# Problem to solve:
In the data below, find the line with "身体按摩精油经络疏通橄榄油玫瑰老姜刮痧2020新品美容院用800ml" and the line with "Elegant white gold", then restate both and every line between them exactly, minus the pictures.

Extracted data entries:
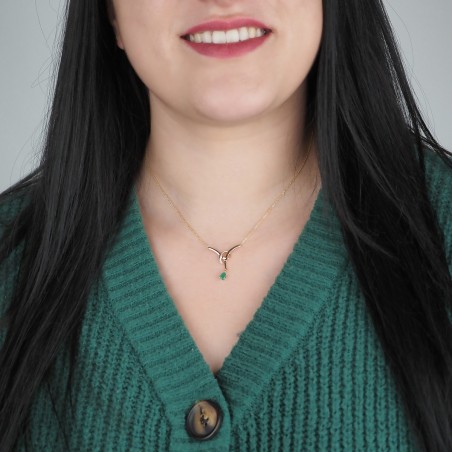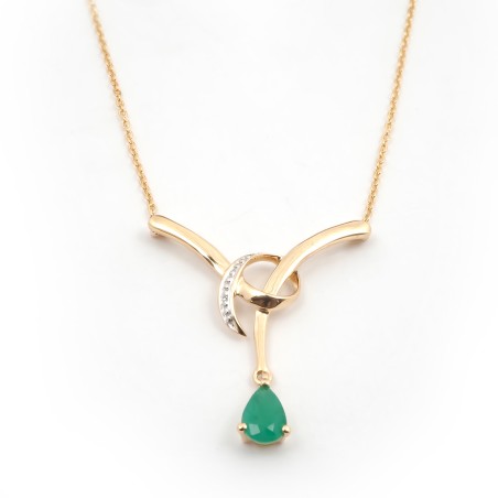 Ce bijou est en or jaune et blanc 9 carats, avec une émeraude, le pendentif très travaillé donne à ce collier une élégance particulière. Un bijou raffiné.
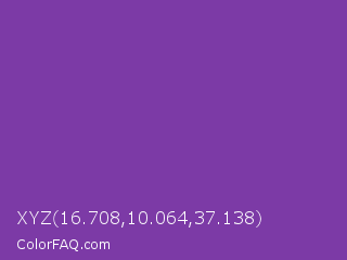 XYZ 16.708,10.064,37.138 Color is a normal purple color and the nearest color is Grape #6f2da8. Hex code #7c3aa6 and RGB value is rgb(124,58,166). In RGB color space, this color is composed of 49% red, 23% green, 65% blue, In CMYK color space, this color is composed of 25% cyan, 65% magenta, 0% yellow , 35% black , In HSL color space, this color has a hue angle of 277° , 48% saturation and 44% lightness.
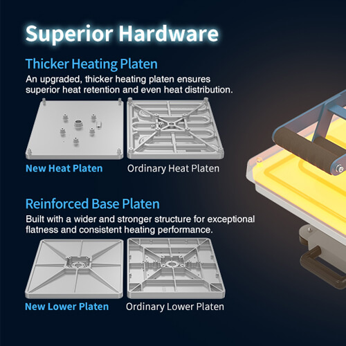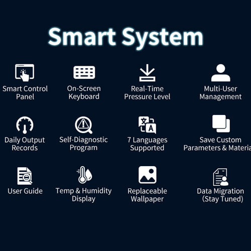 La pressa è dotata di uno schermo da 5 pollici e di 7 livelli di pressione regolabili.
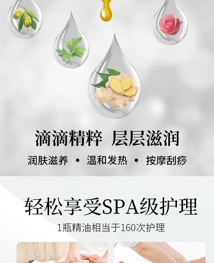 身体按摩精油经络疏通橄榄油玫瑰老姜刮痧2020新品美容院用800ml
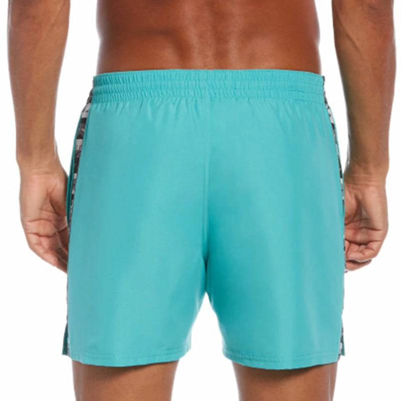 Make waves in the Men’s Nike Swim Logo Tape 5″ Volley Short. Branded tape down the sides adds eye-catching detail to these sporty solid swimming trunks. They’re made with a lightweight polyester fabric and feature a stretch waistband with exterior drawcord for flexible comfort. A built-in mesh brief ensures a secure and supportive fit. On seam pockets with mesh pocket bags provide convenient water drainage and a media pocket offers additional hands-free storage space. (NESSC473)
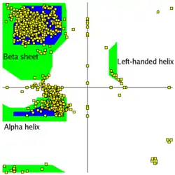 - ↑ RAMACHANDRAN GN, RAMAKRISHNAN C, SASISEKHARAN V (July 1963). "Stereochemistry of polypeptide chain configurations". J. Mol. Biol. 7: 95–9
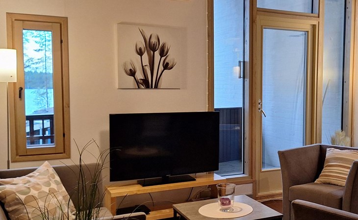 The flat is suitable for down hill and cross-country skiers; to Ukko-Koli slopes 9 km. Final cleaning fee include to the price.
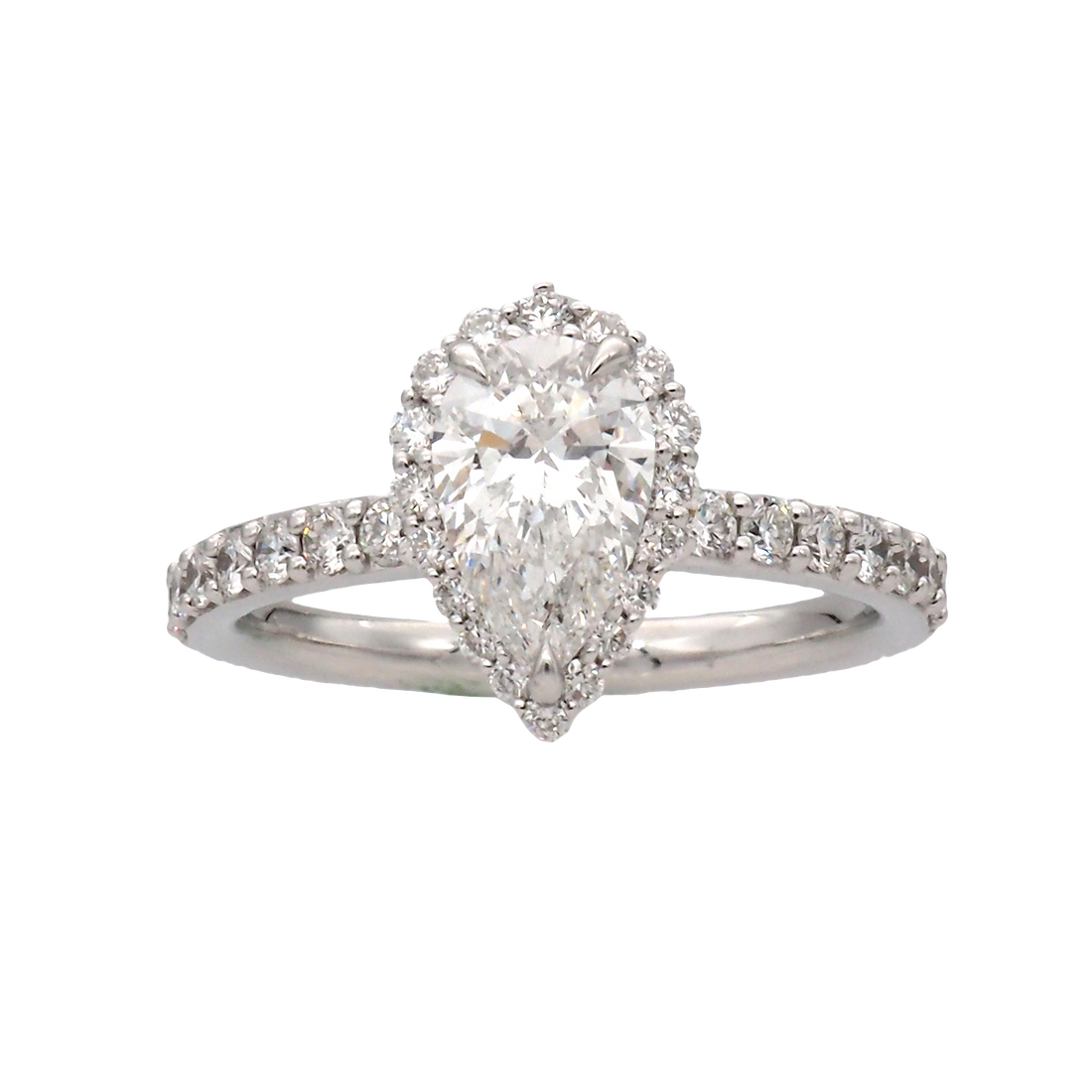 Elegant white gold halo ring featuring a pear shape lab grown diamond surrounded by a...
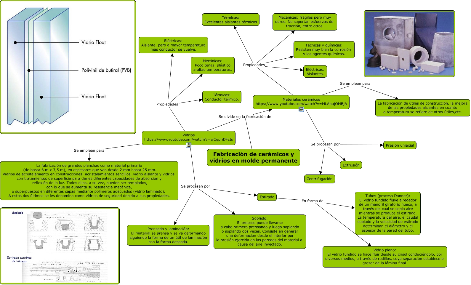 Este Cmap, tiene información relacionada con: José María Pérez Martínez, Vidrios https://www.youtube.com/watch?v=wCgpriDFzIs Se procesan por Prensado y laminación: El material se prensa y se va deformando siguiendo la forma de un útil de laminación con la forma deseada., Materiales cerámicos https://www.youtube.com/watch?v=MLAhujOMBjA Se procesan por Centrifugación, Fabricación de cerámicos y vidrios en molde permanente Se divide en la fabricación de Materiales cerámicos https://www.youtube.com/watch?v=MLAhujOMBjA, Estirado En forma de Vidrio plano: El vidrio fundido se hace fluir desde su crisol conduciéndolo, por diversos medios, a través de rodillos, cuya separación establece el grosor de la lámina final., Vidrios https://www.youtube.com/watch?v=wCgpriDFzIs Se procesan por Soplado: El proceso puede llevarse a cabo primero prensando y luego soplando o soplando dos veces. Consiste en generar una deformación desde el interior por la presión ejercida en las paredes del material a causa del aire inyectado., Vidrios https://www.youtube.com/watch?v=wCgpriDFzIs Se emplean para La fabricación de grandes planchas como material primario (de hasta 6 m x 3,5 m), en espesores que van desde 2 mm hasta 25 mm. Vidrios de acristalamiento en construcciones: acristalamientos sencillos, vidrio aislante y vidrios con tratamientos de superficie para darles diferentes capacidades de absorción y reflexión de la luz. Todos ellos, a su vez, pueden ser templados, con lo que se aumenta su resistencia mecánica, o superpuestos en diferentes capas mediante polímeros adecuados (vidrio laminado). A estos dos últimos se les denomina como vidrios de seguridad debido a sus propiedades., Estirado En forma de Tubos (proceso Danner): El vidrio fundido fluye alrededor de un mandril giratorio hueco, a través del cual se sopla aire mientras se produce el estirado. La temperatura del aire, el caudal soplado y la velocidad de estirado determinan el diámetro y el espesor de la pared del tubo., Materiales cerámicos https://www.youtube.com/watch?v=MLAhujOMBjA Propiedades Técnicas y químicas: Resisten muy bien la corrosión y los agentes químicos., Vidrios https://www.youtube.com/watch?v=wCgpriDFzIs Propiedades Mecánicas: Poco tenaz, plástico a altas temperaturas., Materiales cerámicos https://www.youtube.com/watch?v=MLAhujOMBjA Propiedades Mecánicas: frágiles pero muy duros. No soportan esfuerzos de tracción, entre otros., Materiales cerámicos https://www.youtube.com/watch?v=MLAhujOMBjA Se emplean para La fabricación de útiles de construcción, la mejora de las propiedades aislantes en cuanto a temperatura se refiere de otros útiles,etc., Materiales cerámicos https://www.youtube.com/watch?v=MLAhujOMBjA Se procesan por Extrusión, Fabricación de cerámicos y vidrios en molde permanente Se divide en la fabricación de Vidrios https://www.youtube.com/watch?v=wCgpriDFzIs, Vidrios https://www.youtube.com/watch?v=wCgpriDFzIs Propiedades Eléctricas: Aislante, pero a mayor temperatura más conductor se vuelve., Materiales cerámicos https://www.youtube.com/watch?v=MLAhujOMBjA Propiedades Térmicas: Excelentes aislantes térmicos, Materiales cerámicos https://www.youtube.com/watch?v=MLAhujOMBjA Se procesan por Presión uniaxial, Vidrios https://www.youtube.com/watch?v=wCgpriDFzIs Propiedades Térmicas: Conductor térmico., Materiales cerámicos https://www.youtube.com/watch?v=MLAhujOMBjA Propiedades Eléctricas: Aislantes., Vidrios https://www.youtube.com/watch?v=wCgpriDFzIs Se procesan por Estirado
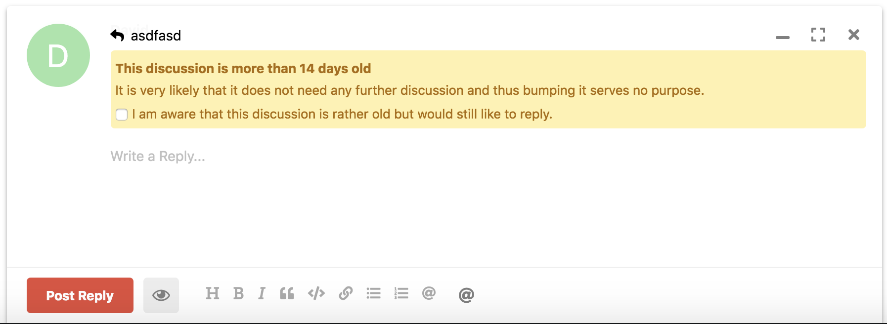 这是一个Flarum扩展,用于在necrobumping旧讨论前发出警告。
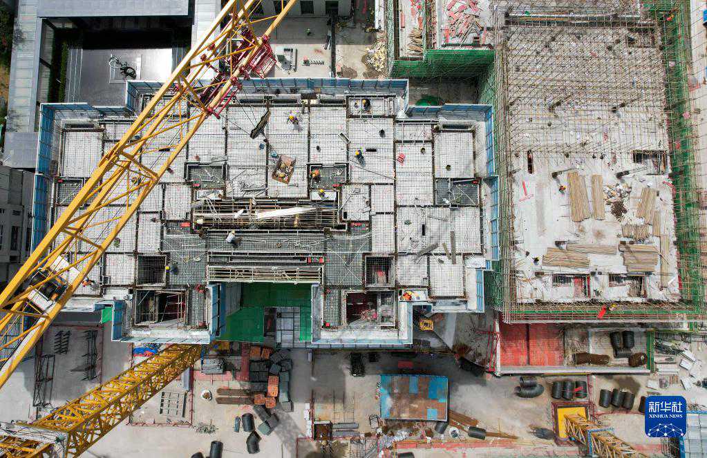 4月29日,工人在合肥林店家园安置房项目工程施工现场忙碌(无人机照片)。
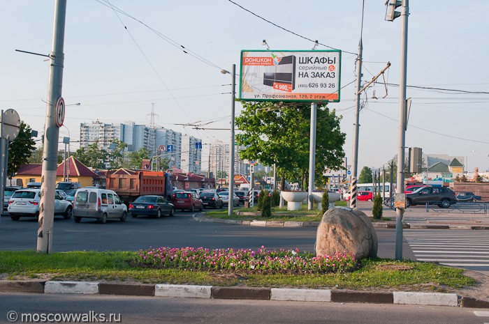 Неподалеку от метро когда-то находилась вышка и геодезический знак, которые указывали, что это и есть самое высокое место Москвы. Однако теперь тут с комфортом расположилась автостоянка. А еще рядом находится вот такой валун, который тоже символизирует самое высокое место города.
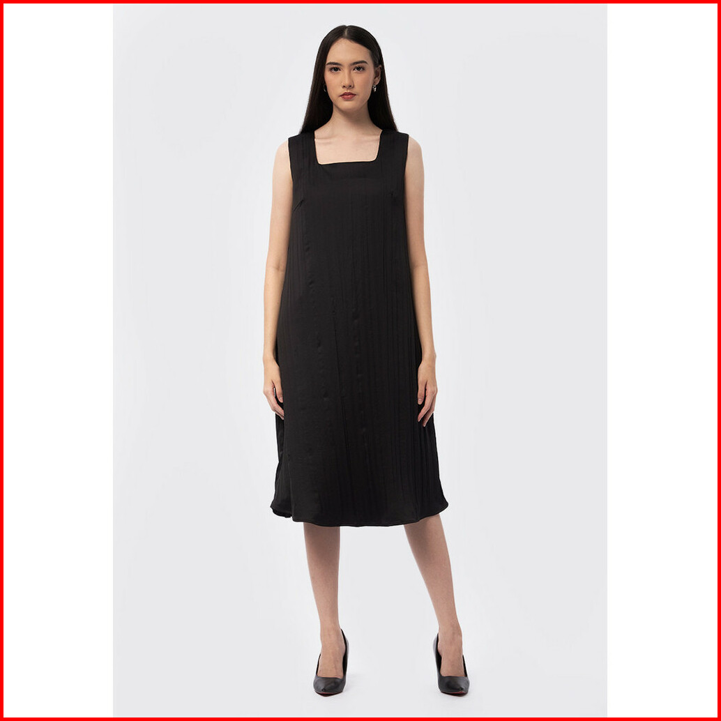 Executive Sleeveless Satin Crinkle Dress Black
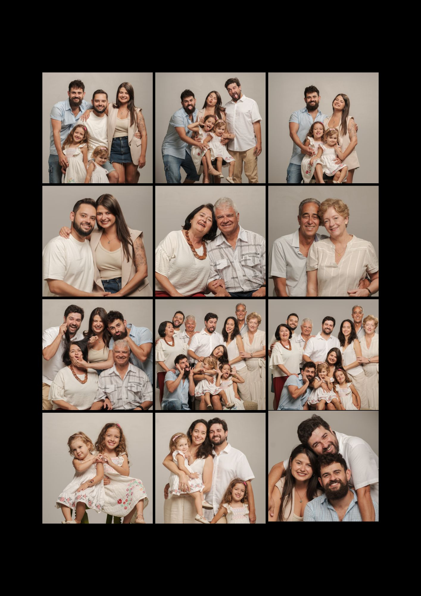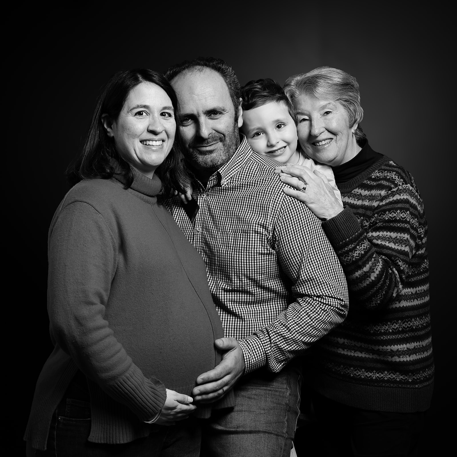 No fundo preto trabalho a luz com precisão para destacar expressões e gestos. O resultado em preto e branco é clássico e forte, sem distrações, centrado no que realmente importa: a vossa ligação.

# Answer below:
 身体按摩精油经络疏通橄榄油玫瑰老姜刮痧2020新品美容院用800ml
 Make waves in the Men’s Nike Swim Logo Tape 5″ Volley Short. Branded tape down the sides adds eye-catching detail to these sporty solid swimming trunks. They’re made with a lightweight polyester fabric and feature a stretch waistband with exterior drawcord for flexible comfort. A built-in mesh brief ensures a secure and supportive fit. On seam pockets with mesh pocket bags provide convenient water drainage and a media pocket offers additional hands-free storage space. (NESSC473)
 - ↑ RAMACHANDRAN GN, RAMAKRISHNAN C, SASISEKHARAN V (July 1963). "Stereochemistry of polypeptide chain configurations". J. Mol. Biol. 7: 95–9
 The flat is suitable for down hill and cross-country skiers; to Ukko-Koli slopes 9 km. Final cleaning fee include to the price.
 Elegant white gold halo ring featuring a pear shape lab grown diamond surrounded by a...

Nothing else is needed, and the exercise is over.